= TASK DETAILS =
Nothing but the lines from the one containing "由于WebLogic服务器通过JMX进行密码重置,所以您需要先指定管理员凭据。" through the last line of the records below should be copied, exactly and without pictures.

[Opening DATA SUPPLIED section]

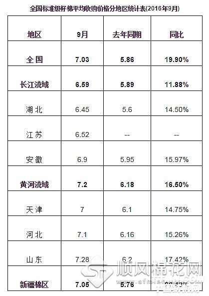 9月,内地部分棉区开始收购。由于对皮棉销售市场价格趋势难预测,加之收购价格较高,开秤企业大都谨慎收购;而棉农对后市价格看好,惜售情绪较重,收购进度慢于去年同期。内地籽棉平均收购价为6.97元/公斤,同比上涨15.6%;棉籽销售价格在2.8-3.24元/公斤,同比上涨14.5%。其中,河北省棉花企业收购的白棉3128级,衣分40%,回潮15%,杂质2%,收购价格为7.10元/公斤,同比上涨15.26%;山东省棉花企业收购的白棉3128级,衣分40%,回潮14%,杂质1.3%,收购价格为7.28元/公斤,同比上涨了17.42%;安徽省棉花企业收购的白棉3128级,衣分39%,回潮11%,杂质1.3%,收购价格为6.9元/公斤,同比上涨了15.97%。湖北省因前期受雨水天气影响,棉花产量下降,导致籽棉资源不足,400型轧花厂未入市收购,200型加工企业开秤收购现象较多,收购价格为6.45元/公斤左右,同比上涨14.5%。
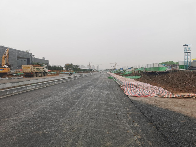 全力配合地鐵2號(hào)線西延建設(shè),河西南部地區(qū)秦新路道路工程瀝青首鋪
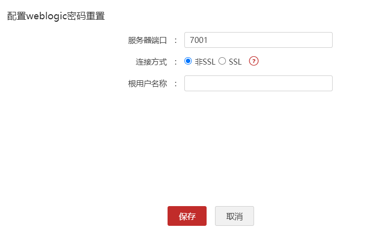 由于WebLogic服务器通过JMX进行密码重置,所以您需要先指定管理员凭据。
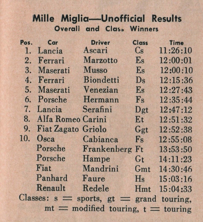 Reinforcing its optimality, Ascari’s Lancia bested 2-liter Ferrari and Maserati competitors by more than 30 minutes. Also, notice the razor finish between Marzotto’s 2nd-place Ferrari and Luigi Musso’s 3rd-place Maserati after more than 12 hours of racing.
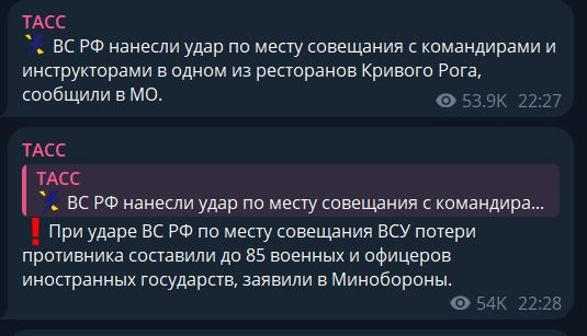 У Міноборони Росії заявили, що завдали удару по Кривому Рогу, де начебто відбувалася нарада з іноземними інструкторами і командирами, повідомили росЗМІ.
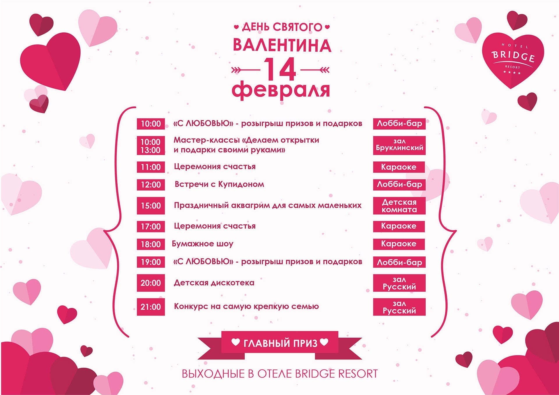 Праздничная программа на 14 февраля в отеле Bridge Resort Сочи*

[Closing DATA SUPPLIED section]

= ANSWER TO THE EXERCISE =
 由于WebLogic服务器通过JMX进行密码重置,所以您需要先指定管理员凭据。
 Reinforcing its optimality, Ascari’s Lancia bested 2-liter Ferrari and Maserati competitors by more than 30 minutes. Also, notice the razor finish between Marzotto’s 2nd-place Ferrari and Luigi Musso’s 3rd-place Maserati after more than 12 hours of racing.
 У Міноборони Росії заявили, що завдали удару по Кривому Рогу, де начебто відбувалася нарада з іноземними інструкторами і командирами, повідомили росЗМІ.
 Праздничная программа на 14 февраля в отеле Bridge Resort Сочи*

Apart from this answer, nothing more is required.